Page 2 of Fragile Twisted Vows
“Great. My name is Lucille, Lucy for short.” I chuckle nervously and she gives me a fake, judging smile as she nods slowly.
“Right, well.” I remove the resume from the portfolio and slide it towards her.
“I used to be a student at NYU and I studied marketing that specialized in global sales. While I haven’t finished my degree, and I’ve been working at a restaurant downtown for the last three years, I did used to intern at a small firm here in SoHo and I would love the chance to work for your-”
She holds up a firm hand and silences me instantly.
“I’ll pass this along to our store supervisor,” she says with a smile that looks very much like a sneer.
Don’t give up, Lucy. Keep trying.
“Is she here? I have some of my mock campaigns with me as well-” I try to explain, but she waves that very same hand that silenced me before.
“She’s in a very important meeting right now, but I’ll be sure to leave a message. Take care,” she says with that sneer as I stand there awkwardly in silence.
“Okay…um, well, thank you for your time,” I say as I turn on my heel, hoping my defeat doesn’t color my voice like it’s coloring my face right now.
She stops for a second, glancing down at my portfolio.
“Fairchild,” she reads, my last name rolling from her red painted lips.
“Say, you’re not related to Senator Michael Fairchild, are you?” she asks, her eyes sparkling just a little as I turn around and meet them.
I’m his disowned daughterI think, but I don’t say this. Not like they would know if I was disowned because no one really knows what I look like.

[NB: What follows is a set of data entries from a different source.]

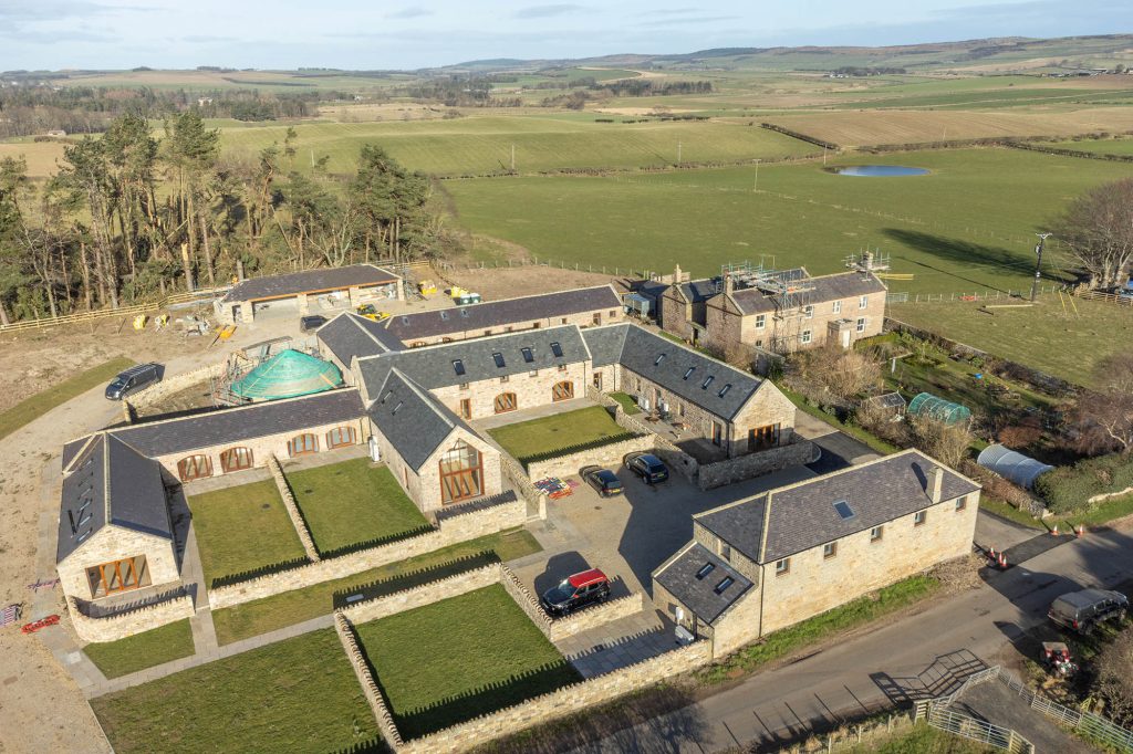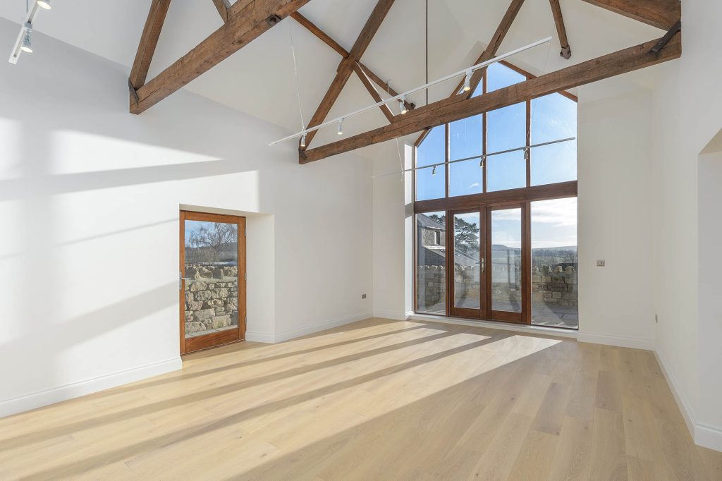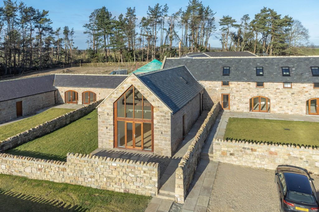 The property is accessed into a central entrance hall although the ground floor bedrooms and living area also benefit from access doors. The kitchen and living area are open plan with high quality kitchen installed with an arrange of units, integrated appliances and sleek worktop. The living area benefits from a full height glazed gable end perfectly framing the gorgeous Northumberland countryside, whilst the original beams retain a period country feel inside. To the rear of the ground floor there is a utility room, W/C, stores and stairs next to the hallway in addition to two double bedrooms each of which benefit from French doors leading onto the garden. One of the bedrooms is further enhanced from en-suite shower.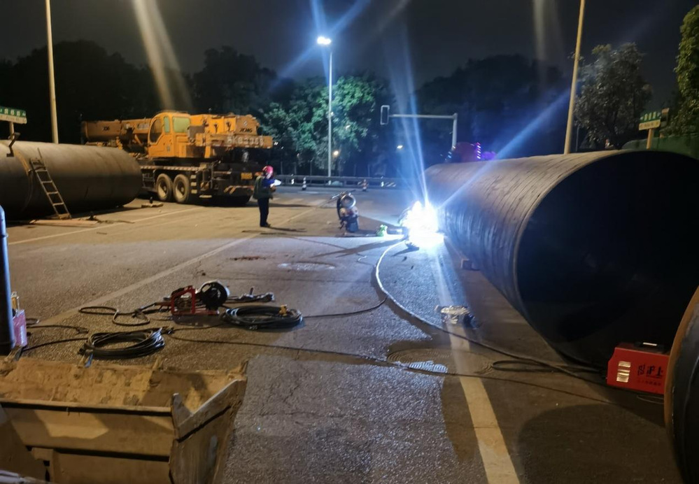 在管道焊接環(huán)節(jié),本項目DN1800污水管道采用雙管敷設(shè),DN2000鋼套管內(nèi)嵌DN1800污水管,創(chuàng)新采用“地面預(yù)制+整體吊裝”工藝,將15米雙管在地面焊接成型后,由兩臺50噸吊車協(xié)同作業(yè)精準(zhǔn)下放。為確保零滲漏,項目團隊在雙管間隙注入高壓水泥漿,形成雙重密封,噴淋系統(tǒng)、霧炮車全天候抑塵,基坑積水即時抽排,有力實現(xiàn)了揚塵不擴散、泥水不外流。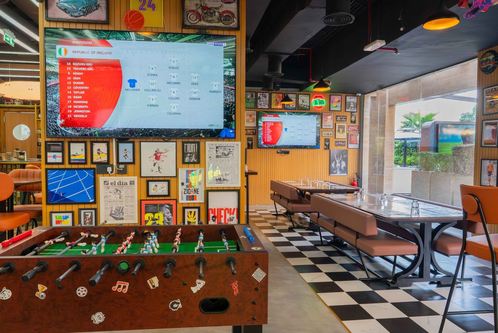 • Giant HD screens, immersive sound, and live DJs ensure a vibrant social hub for every major match day.

I was too unruly, too unmanageable to bring out into the world for the public eye to view. My older sister was the perfect one. The rigid one, the obedient one. I was nothing but a wild child with her own thoughts and opinions.
“No, sorry. Just a…coincidence or common last name I guess,” I stammer as I smile and ramble nervously.
She nods, that disgust filling her dark eyes again.
I sigh as I turn and I swear that when I walk away from the counter I hear her crumpling that paper up, but I can’t focus on that because as soon as I walk past the large display of samples near the winding staircase by the crystal chandelier, I think I see a ghost.
A very beautiful, familiar and distracting ghost.
Damien Reed.
My sister’s husband, and owner of one of New York’s largest enterprises.
He’s talking with a woman in an expensive, tight red dress. Her hair is voluminous and the richest shade of brown, baring a very nice blowout that every woman dreams of having. He extends a long, suit-covered arm to fix the strand of expensive pearls around her neck. The sleeve of his jacket molds to his muscles and she’s tilting her head back and laughing at something he says.
Which I know must be a fake laugh.
Because Damien Reed is not funny.
He’s serious, cutthroat and very dark. He’s a secretive man with many shadows trailing behind him. The only nice thing I’ve ever seen him do was for me. And that was one time nearly three years ago, right before my sister filed for divorce.
I run into the display shelf and knock several small bottles onto the marble floor.
“Shit!” I hiss, scrambling to bend down and pick them all up.
Priscilla walks over, her black heels clicking loudly against the marble floor.
“Ugh, just leave them,” she growls, but I continue to grab the bottles, hoping that I’m hidden and Damien’s not able to-
“Lucille?” I hear him call, his rich and deep voice rolling through me.
Don’t respond, don’t react.
“Lucy,” he says, but it doesn’t sound like my name, it sounds like a command.